Kütahya’da da eskiden beri süregelen bir âdet, mahallede hem kaynaşmayı sağlıyor hem de çocukları oruca hazırlıyor. Çocuklar Ramazan’da akşam ezanının okunmasını sabırsızlıkla bekliyor. Akşam ezanıyla birlikte açılan oruçların ardından sokağa çıkan aynı mahalle arkadaşları, kapıları dolaşıp tıklattıktan sonra başlıyor küpecik manisini okumaya;
Küpecik küpecik, yağdan baldan küpecik
Yağ olmazsa bal olsun
Ev sahibi sağ olsun…
Bu maniyi duyan ev sahibi çocuklara harçlık ya da şeker ikram ediyor. İftar sonrası başlayan harçlık turları teravih namazı saatine kadar sürüyor. Bu şekilde tüm mahallenin kapıları çalındıktan sonra toplanan harçlıklar ve şekerlemeler eşit olarak gruptaki tüm çocuklar arasında paylaşılıyor. Sonrasında ise tüm çocuklar caminin yolunu tutuyor.Bu gelenek çocukların ilk mahalle arkadaşlıklarına, sosyalleşmelerine ve paylaşmayı öğrenmelerine de katkıda bulunuyor.
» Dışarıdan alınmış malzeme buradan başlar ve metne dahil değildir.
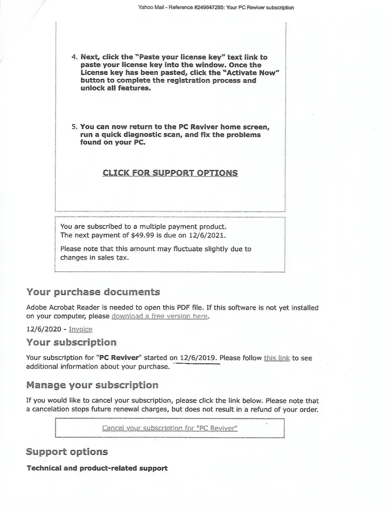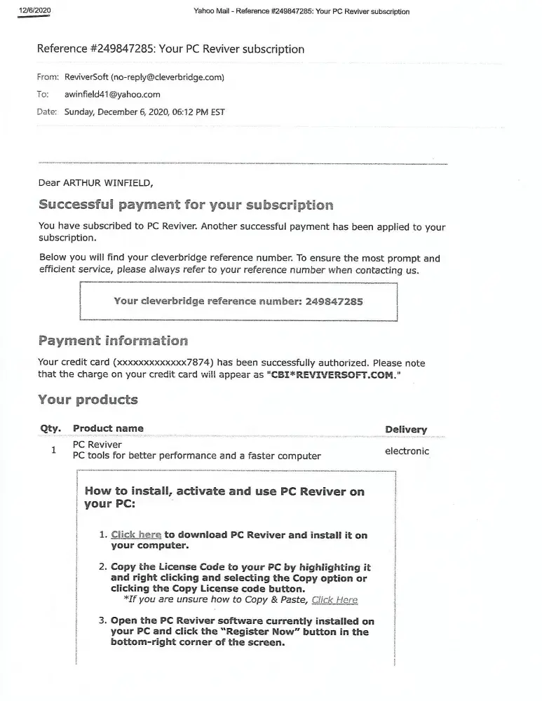Today is Sunday 12/06/2020 I received an invoice today for $49.99, from a company I have never heard of before Reviver Soft. They say I ordered this on 12/06/2019. Under the heading: Your subscription. By clicking on this link tells me to delete the old download, after deleting, download the new file. I have never even downloaded this file so how can I delete what I have never had on my computer. I am going to my bank in the morning as I believe this is a fraudulent scam. I have to report this to my bank as it is a debit card, I have to request a new one. Please Find enclosed a 3 page file of this invoice.

Kütahya halkı da bu geleneğin devam ettirilmesi için her kapıyı çalan küpecik alayına muhakkak ikramda bulunup, hayırlı Ramazanlar diliyor.
İzlemek için tıklatınız küpecik

1 Mayıs 2014 Perşembe

Alopaşalı Şeker Konağı

Kütahya'da 30 yıldır çinicilik mesleği ile uğraşan İbrahim Kocaoğlu, kentin tarihi konaklarından 'Şeker Konağı'nı, 'Ata Sanatlarını Yaşatma Merkezi'ne dönüştürdü.
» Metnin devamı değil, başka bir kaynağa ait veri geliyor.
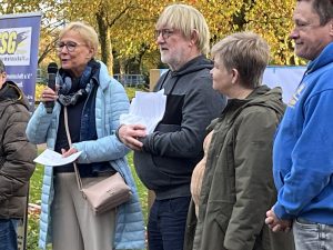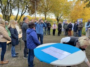 Feierlich neben viel Stadt- und Vereinsprominenz nahmen dann  Astrid , Uli und Uwe und unsere Bürgermeisterin „die Schüppe“ selbst in die Hand. Im Anschluß gab es dann neben einer kleinen Stärkung viel Gelegenheit für einen Austausch und um auf die Pläne zu schauen.

'Alopaşalı İbrahim' olarak tanınan İbrahim Kocaoğlu, kendisine özgü Türkuaz renklerinden oluşan binlerce çini eserlerini, mülkiyeti Kütahya Belediyesi'ne ait Pirler Mahallesi Karadonlu Sokak'ta bulunan 227 yıllık tarihi konakta sergiliyor.
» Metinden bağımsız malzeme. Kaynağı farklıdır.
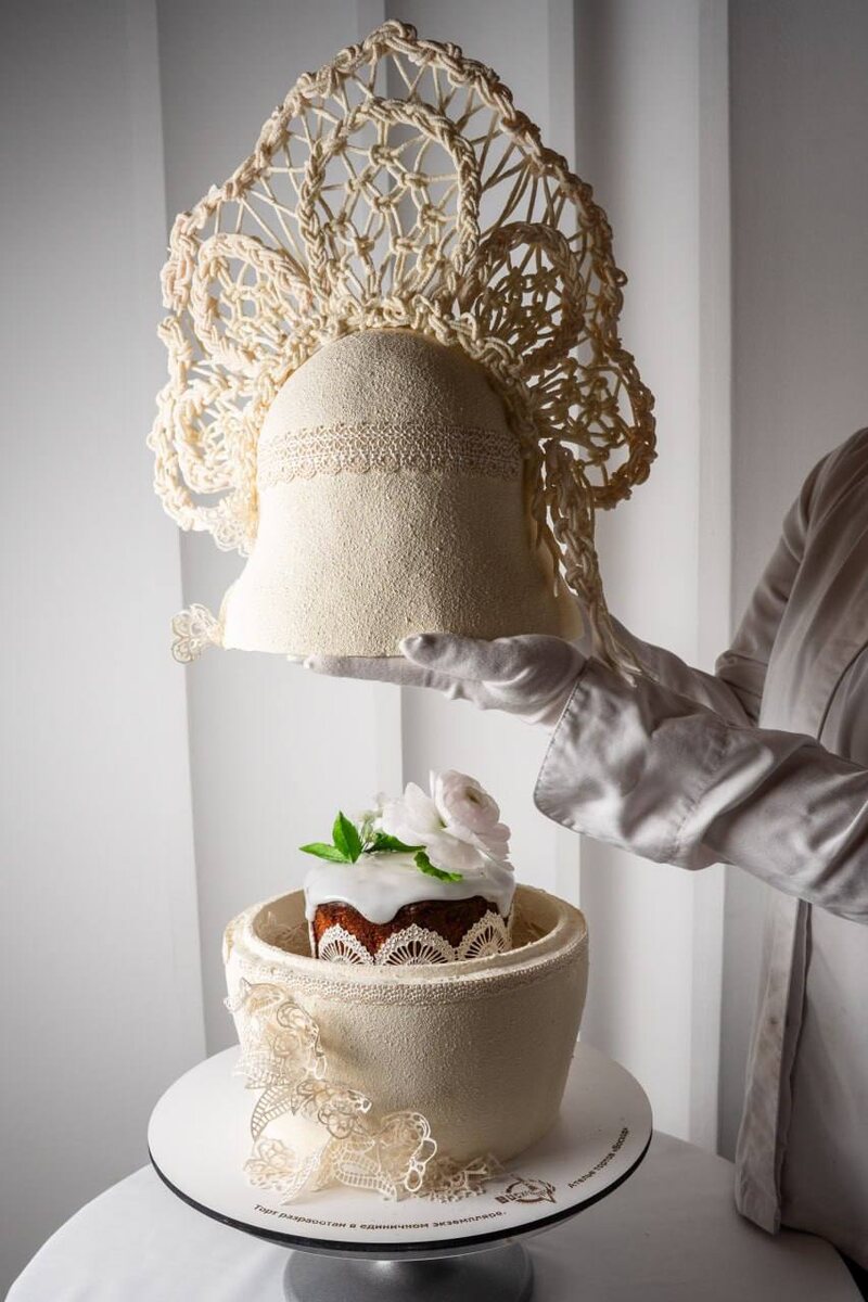 ». «Царский» кулич на шафране с белой черешней спрятан внутри шоколадной матрёшки высотой почти полметра. Кокошник выполнен в технике макраме из съедобных нитей, а узоры из айсинга нанесены вручную. Интересно, чем еще нас удивят рестораны к Пасхе.

Ata Sanatlarını Yaşatma Merkezi'ni 'tarihlerin buluşması' olarak değerlendirdiğini ifade eden İbrahim Kocaoğlu, "Bu konak, Türk insanının hangi şartlarda nasıl yaşadığını bizlere gösteren bir ibret vesikasıdır. Kütahya'da yaşanyan Türk mimarisi ile oluşmuş 2 tane konak var. Bunlardan bir tanesi Macarevi diğeri de burasıdır. Gusülhanesinden yüklüğünü, meyveliğinden abdesliğine, şadırvanından  çeşmesine kadar muhteşem bir dünya burası. 18. yüzyıldan bir yaşantıya ortak olmak isteyen tüm sanatseverleri buraya davet ediyorum. Herkesi aşka davet ediyorum. Ne demek aşk? 'Niçin böyle diyorsunuz derseniz?' bu, kızım Sede Cevher Kocaoğlu'nun 23 Nisan günü bulduğu bir slogan. Eskiden Türkuaz çini vadimiz vardı. Şimdi ise Şeker Konağımız oldu. Alopaşalı Şeker Konağı. Akrostiş yaptımızda baş harflerimizden aşk ortaya çıkıyor. İşte bu Allah'ın bize bahşettiği güzellik. Burada doğa aşkı var, sanat aşkı var. Yurt içinden, yurt dışından tüm sanatseverleri konağa davet ediyorum. Gelsinler, bu güzelikleri birlikte paylaşalım" dedi.